Preocupación en Francia por la alta tasa de depresión entre los universitarios confinados: el intento de suicido de un estudiante encendió las alarmas

Días atrás, un joven se lanzó de la ventana de una residencia en Lyon. Exigen al Gobierno que habilite algunas actividades presenciales

París ( REUTERS/Benoit Tessier)
París ( REUTERS/Benoit Tessier)

Las universidades en Francia están cerradas hace meses por la pandemia del coronavirus. Y los estudiantes, condenados a la virtualidad sin ningún tipo de vida social. La ansiedad, el estrés, se multiplica con el correr del tiempo.... Y, por ahora, no hay signos de que la política de Macron al respecto vaya a cambiar.

“¡Reabran las salas de conferencia! El 30% de los estudiantes están deprimidos.
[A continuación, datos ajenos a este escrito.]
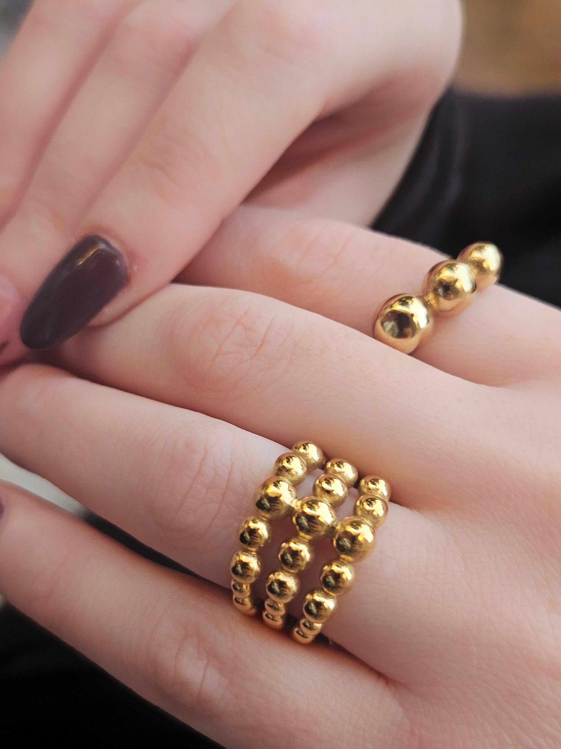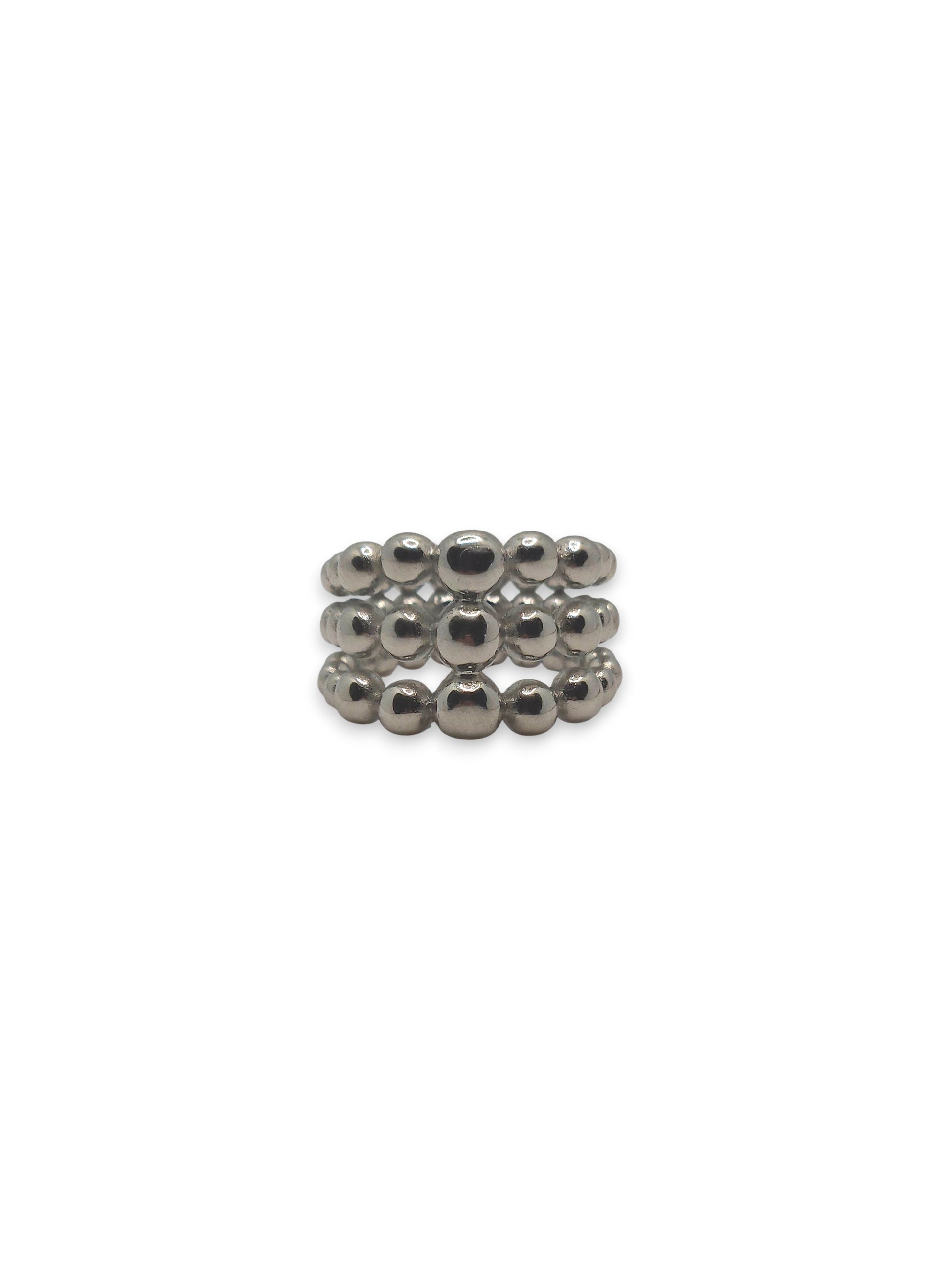 Anello a tre file di sfere lisce, elegante e contemporaneo. Ideale da portare solo o abbinato ad altri anelli.
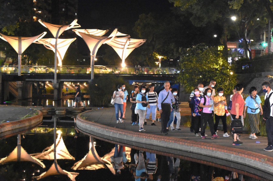 志工隊長沈三家說,從109年藍調中港之後,夜間光雕的中港河廊就打響了名號,原來水利設施在夜晚經過適度的妝點,也能展現出吸引民眾到訪的魅力,讓星光導覽的品牌愈來愈亮眼,也愈來愈多的民眾相約體驗都市河廊的夜間之美,志工們都樂見於這樣的成果。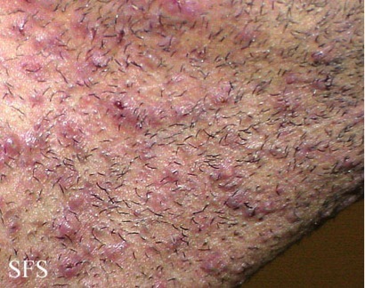 A foreign body inflammatory reaction; often referred to as razor bumps or ingrown hairs
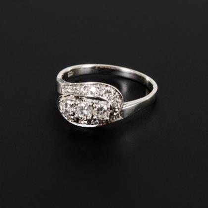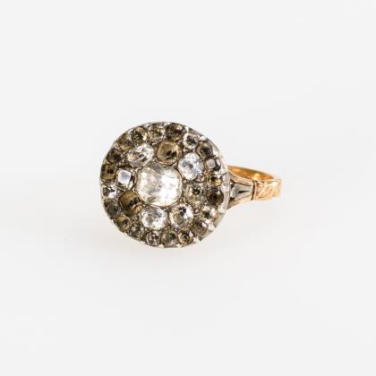 Art-déco-Ring mit Altschliff-Brillanten und Diamantrosen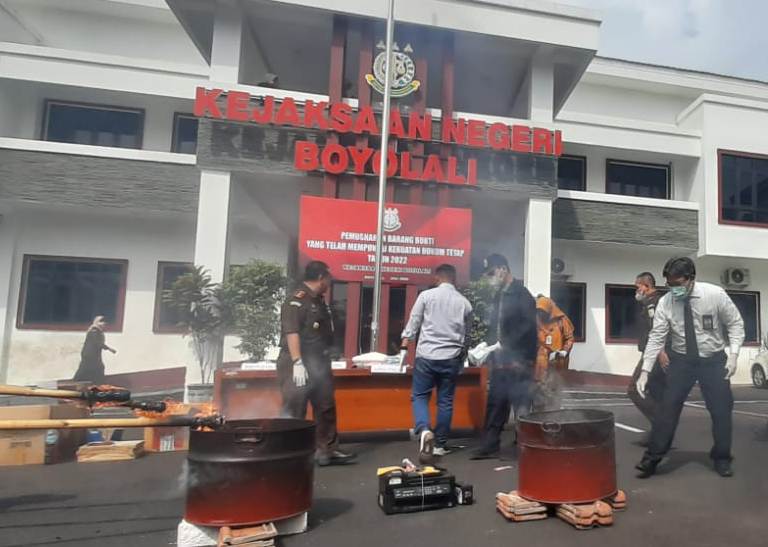 Kajari Boyolali, Mohammad Anshar Wahyuddin mengatakan pemusnahan ribuan bb dari 32 perkara pidum. Antara lain 14 perkara narkotika, 11 perkara keamanan negara dan ketertiban umum (Kemenegtibum) dan tindak Pidana Umum lain (TPUL). Serta tujuh perkara orang dan benda.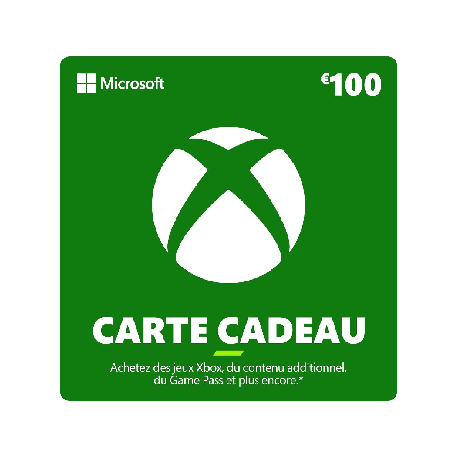 Achetez une carte-cadeau Xbox pour les jeux Xbox, les extensions, l’offre Game Pass, les manettes et plus encore sur consoles et PC Windows. Choisissez parmi des milliers de jeux, qu’il s’agisse des jeux favoris rétro compatibles ou des dernières versions digitales prêtes à l’emploi. Prolongez l’expérience de vos jeux préférés avec des extensions et de la monnaie virtuelle de jeu. Améliorez votre jeu avec une manette sans fil Xbox, ou jouez comme un pro avec une manette sans fil Xbox Elite Séries 2. Achetez un abonnement Game Pass et soyez le premier à jouer à de nouveaux jeux dès le jour de leur sortie, De plus, profitez de centaines de jeux exceptionnels avec vos amis sur console, PC et cloud. Idéal comme cadeau à offrir à vos amis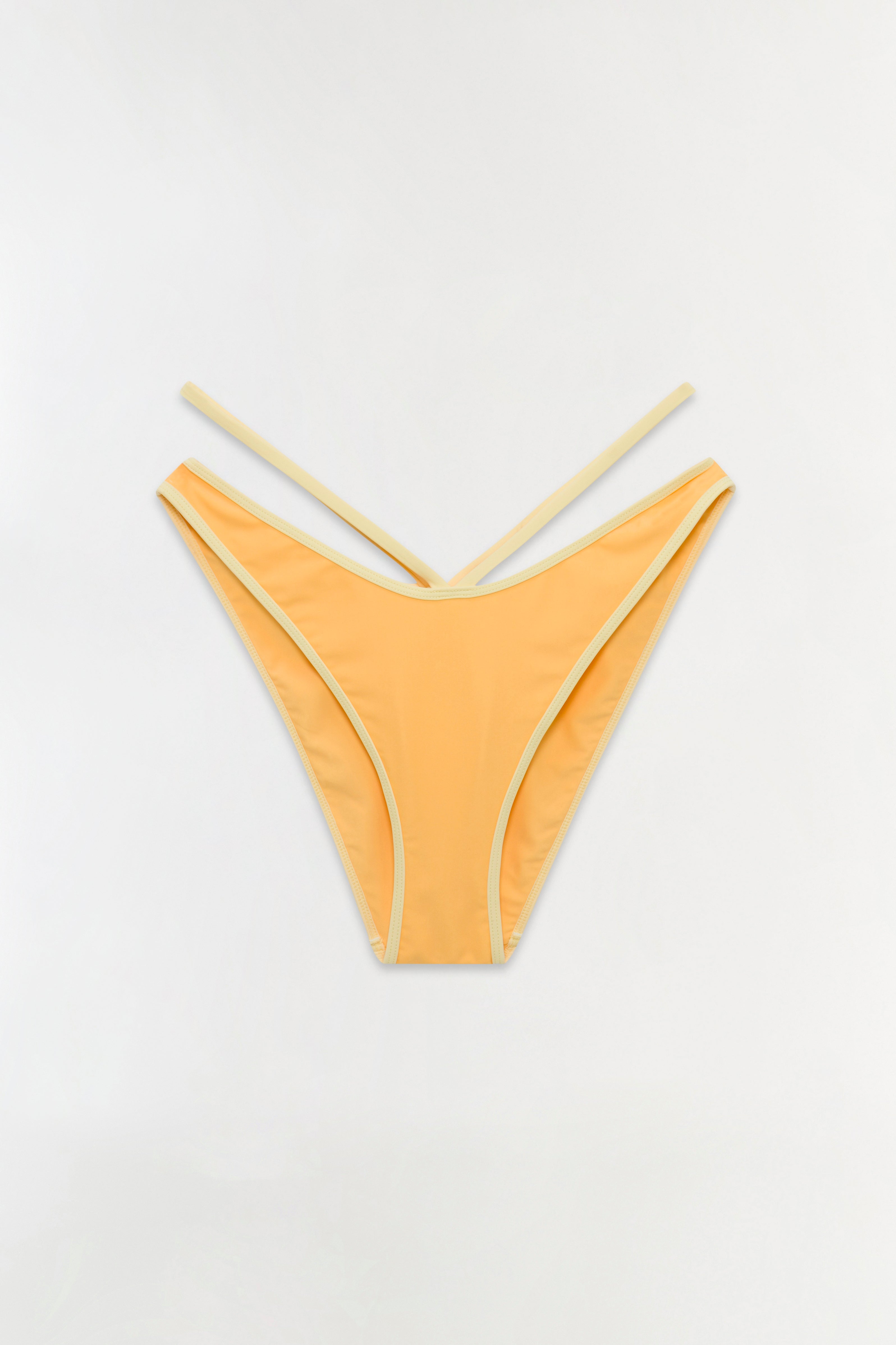 Our signature Emmalynn Bikini Bottom in Buttercream Multi. A bikini silhouette with contrast binding and criss-cross straps at the waist. Pair back with our Harlen Bikini Top to complete the look.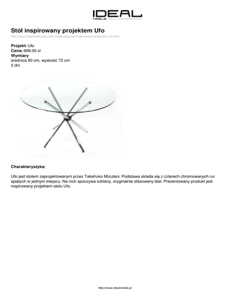 Stół inspirowany projektem Ufo http://www.idealmeble.pl/pl/offer/meble/stoly/stol-inspirowany-projektem-ufo.html/ Projekt: Ufo Cena: 699.00 zł Wymiary średnica 90 cm, wyskość 72 cm 2 dni Charakterystyka: Ufo jest stołem zaprojektowanym przez Takehuko Mizutani. Podstawa składa się z czterech chromowanych rur spiętych w jednym miejscu. Na nich spoczywa szklany, oryginalnie sfazowany blat. Prezentowany produkt jest inspirowany projektem stołu Ufo. http://www.idealmeble.pl http://www.idealmeble.pl Zdjęcia produktu: http://www.idealmeble.pl Powered by TCPDF (www.tcpdf.org)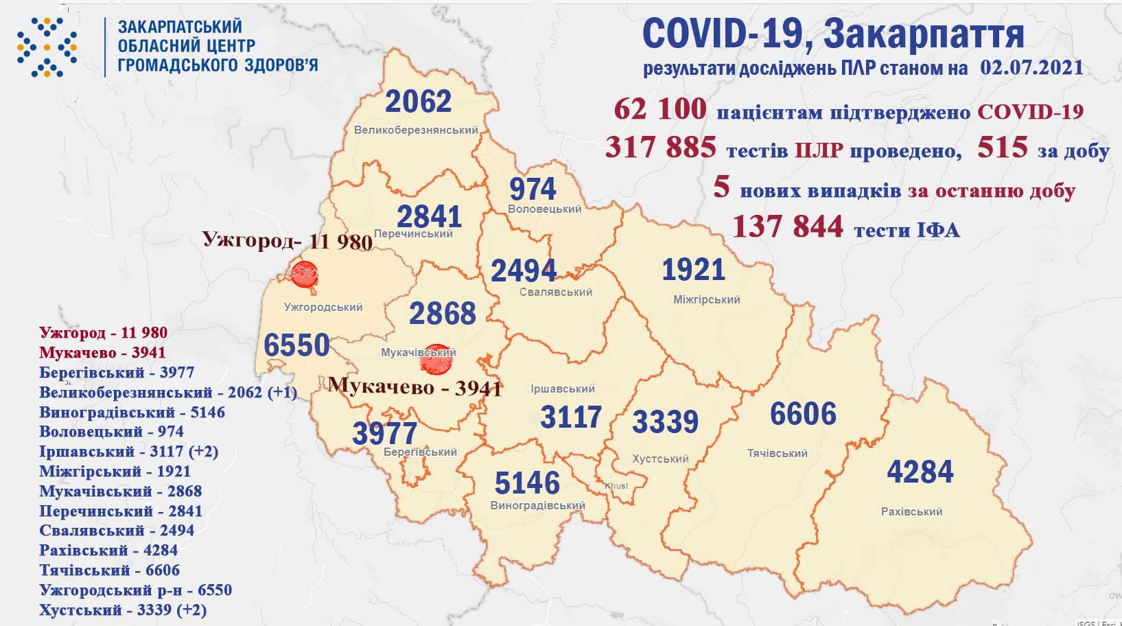 Підготовлено за інформацією департаменту охорони здоров’я Закарпатської ОДА та ДУ «Закарпатський обласний лабораторний центр МОЗ України»
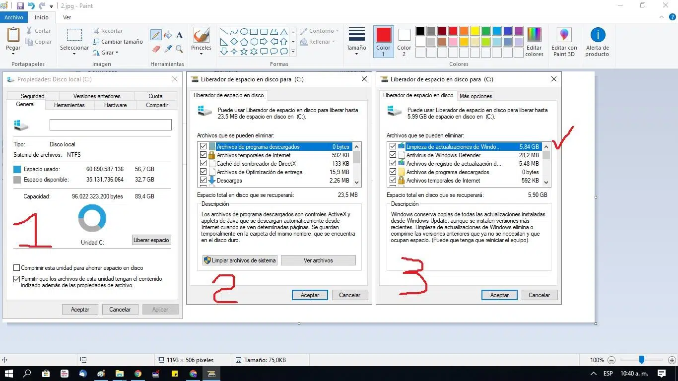 Liberador de espacio: diferencias entre Panel de control y Configuración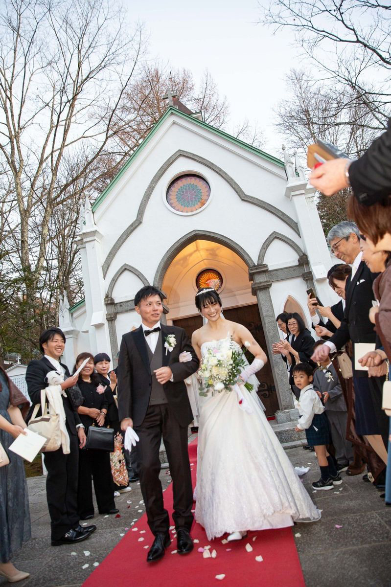 私たちは、挙式と披露宴を分けて実施しました。挙式は軽井沢の「旧軽井沢ホテル音羽ノ森」にて、親族のみでおこないました。『両親に感謝を伝える結婚式』になるようアットホームな雰囲気にこだわり、両家の親族にお互いを紹介しつつ、みんなで楽しい時間を過ごせて良かったです。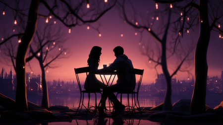 Silhouette of a loving couple sharing stories under colorful bokeh lights during a romantic sunset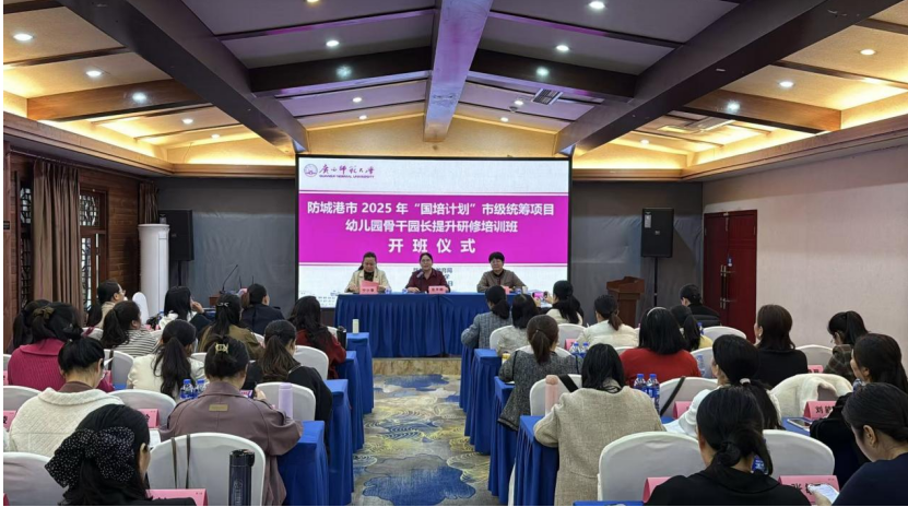 为提升幼儿园管理水平与保教质量,助推学前教育高质量发展,2025年11月3日,防城港市2025年“国培计划”市级统筹项目——幼儿园骨干园长提升研修培训班在“全国学习型城市建设标杆样板”成都市正式开班。防城港市教师培训中心负责人、市幼儿园学科中心组组长、学前教研员张开颜,广西师范大学继续教育学院副院长李敏,上思县第二幼儿园园长宁小春出席开班仪式,来自防城港市各县区的50名幼儿园骨干园长参加本次研修。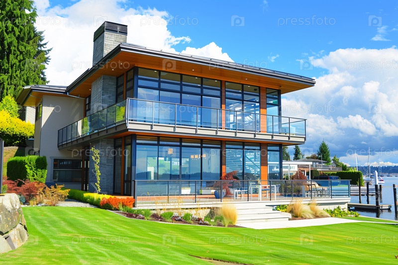 Элегантный современный дом на берегу озера с большими стеклянными стенами и пирсом

Un estudiante acaba de tirarse por la ventana en Lyon ¿Es culpa del virus? También es culpa de su política, una política de excepción contra la juventud. #EtudiantesFantasmas”, denunció ante el Parlamento el diputado François Ruffin.

La cifra que cita Ruffin es alarmante y corresponde a un estudio de la Salud Pública Francesa que revela que el 29%de los jóvenes de 18 a 25 años están deprimidos, el 50% -es decir uno de cada dos- están preocupados por su salud mental, y el 31% mostró signos de angustia psicológica, en lugar del 20% registrado en un año académico normal.

Días atrás, un caso encendió las alarmas: un estudiante de la Universidad de Lyon 3 intentó suicidarse tirándose por la ventana de su residencia. Desesperados, otros estudiantes lograron amortiguar la caída, pero el joven, cuya identidad no se conoce pero se sabe que es extranjero, está en grave estado de salud.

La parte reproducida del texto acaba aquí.